How much money should I set aside to pay my personal tax bill?
Once you’ve been working for yourself for a while and have started to make a bit of money, you might think to yourself ‘how much money should I set aside to pay my personal tax bill?’
This is a great mindset to be in if you already are! One of the most manageable ways to handle your tax bill is to put some money aside each month, so that you end up with a pot for this very purpose when that tax bill comes in.
Being self-employed often feast or famine. You’re run off your feet, then the next minute you’re drumming your fingers on the table while you watch tumbleweed drifting past your window.
In a busy year, you might be tempted to pay yourself a bit more or take a lump of money from the business to reward yourself for all your hard work.
But if you haven’t put any of that money aside for tax, you might find that that BIG old tax bill from your feast year hits in a quiet spell.
Trying to pay off that high tax bill when you’re bringing in even less than usual can put a massive strain on your cashflow, on your business, and on you.
So how much should I put aside for tax?
You’ll hear a lot of people saying you need to keep 30% of your earnings aside for tax. And if you break it down, you’ll see that this makes sense.
Basic rate tax is charged at 20%, and National Insurance at 9%. That means, if you’re saving 30% of your earnings, you’re reserving just a little over basic rate tax plus National Insurance.
And when you factor in adjustments for your personal allowance and your expenses, you should come out just about right. You may even find you’ve saved a little bit too much, but that will be very welcome if you’re hit by a Payment on Account request from HMRC (when you pay six months of the following year upfront).
And ifyou’re not asked for Payment on Account, it’s time to put it towards a holiday! Or invest it sensibly in the business. Either way, it’s put to good use.
But…saving 30% for tax doesn’t make sense for every business
There are three scenarios where saving 30% for tax just doesn’t work:
- When your income isn’t all that high
- If you have additional income
- Your business has a lot of purchases and expenses.
Saving for tax when your income isn’t all that high
Saving 30% only makes sense once you reach a certain threshold, and there are plenty of businesses who don’t meet that threshold. Perhaps you’re still in the start-up phase and haven’t built up your business yet.
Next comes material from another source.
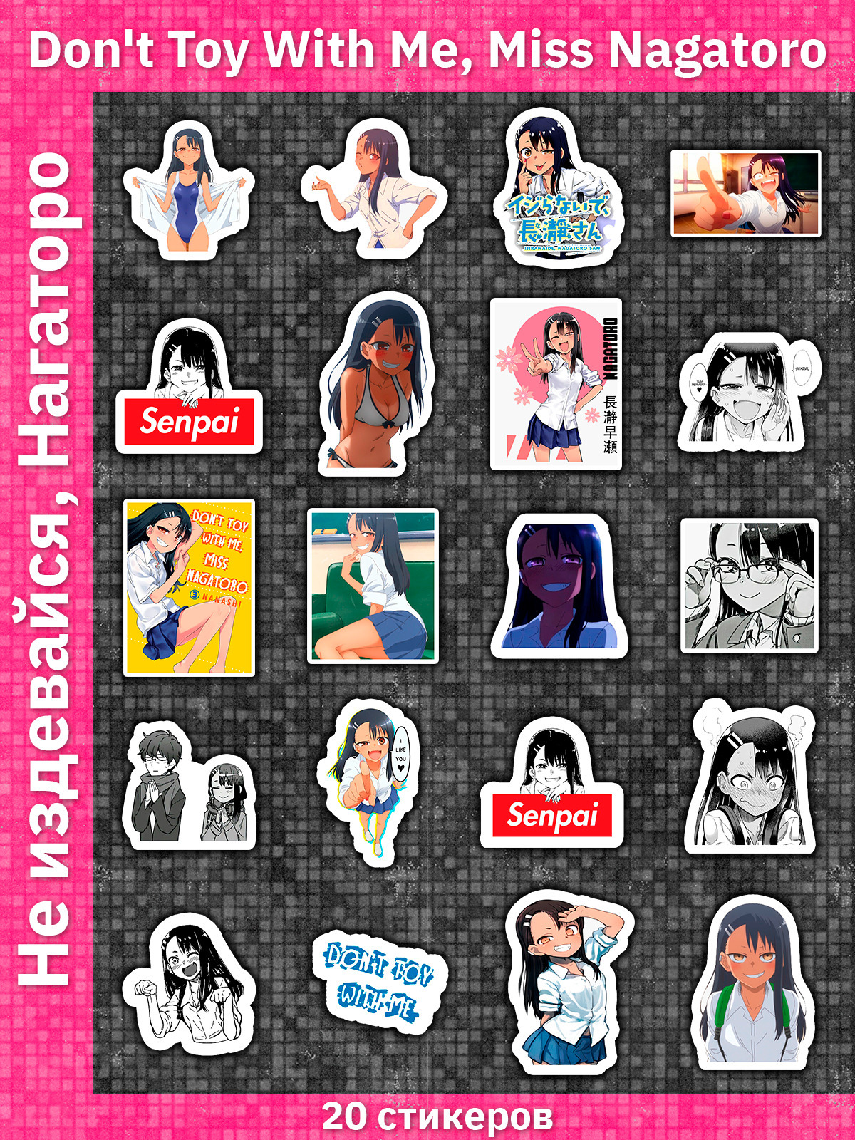 Стикерпак Don't Toy With Me, Miss Nagatoro / Не издевайся, Нагаторо / Наклейки 20 штук / Стикеры

Maybe you freelance part-time to fit around the kids, rather than full-time. Or you might have taken a chunk of time off for maternity leave, paternity leave, travelling… you get the idea.
If you know you’re likely to earn less than £13,000, you should find that setting aside 10-15% of your earnings to cover your tax bill is more than enough. And any extra will help if you’re landed with an unexpected Payment on Account bill from HMRC.
Dealing with tax on your freelance earnings when you have additional income from elsewhere
Calculating how much to save for tax if your business has quite a few purchases and expenses.
If your freelance business provides a service, like graphic design or copywriting, you will have some expenses, but overall, you’ll take home a large part of what you charge your clients.
But that’s not the case for online shops and businesses which rely on buying large numbers of supplies to make their products or deliver their services.
Let’s say that you sell an item of jewellery or a piece of furniture for £100, and it cost you £50 in materials to make it. If you put aside 30% of your earnings, that’s £33 of that £100 straight into your tax pot.
Take out another £50 to cover the materials, and you’re left with just £17 to pay the rest of your business costs (rent, insurance, travel, bills, fees for PayPal, Etsy, Not-On-The-Highstreet…) and you have to try to live off some of that £17 as well. That’s not much when you started with £100.
The thing is, the costs of your materials count as deductible expenses. That means you’d only need to save 30% of what you’ve earned after taking off the expenses.
If you use accounting software, you can work this 30% out by looking at your net profit after expenses and saving 30% of that figure.
If you’re not doing regular bookkeeping, it’s likely you’ll still know how much it costs you to make each item, so you can work out how much is left after expenses and set aside 30% of that.